Kapwani Kiwanga’s exhibition “Maji-Maji” draws on the historical account of the Maji-Maji War,
which took place between 1905 and 1907 and was one of the largest uprisings on the African
continent at the beginning of the twentieth century. The revolt against German rule was initiated by a
spiritual medium named Kinjiketile, also known by the name Bokero. After being possessed by the spirit
Hongo, he attracted a large following, and distributed sacred water, or maji, that was to protect them
by transforming German bullets into water.
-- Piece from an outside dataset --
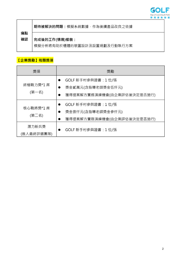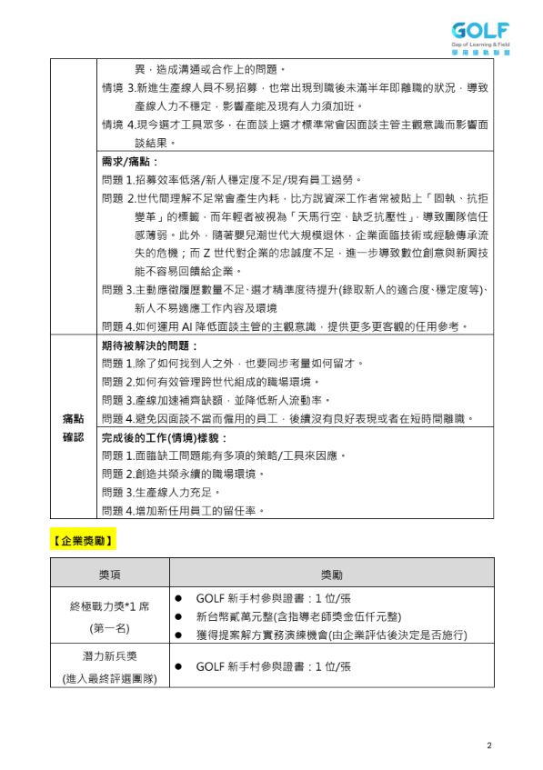 GOLF 新手村提供一個「低風險、高收穫」的產學對接場域。透過「企業出題、

Maji-Maji fighters’ belief in the supernatural was a means
to galvanise the insurrection, which was fundamentally a belief in the possibility of creating another
social order. However, the maji did not safeguard them and many African lives were lost.
In her exhibition, Kapwani Kiwanga focuses on the voids present in the living memory of
the Maji-Maji War and its material traces, as well as the supernatural imagination that encompasses
and contextualises it. As she says, voids are felt often because the presence of other things marks their
absence. As in the question of void and presence, the supernatural also has a dual capacity to protect
or assault. Kapwani adopts an empathic approach to the subject, making the spectators feel and
imagine these ungraspable, inaccessible, vanished voids. The absence is thus made into a constituent
element of a story being retold, through evoking the power of the oral, of the broken and fragmented.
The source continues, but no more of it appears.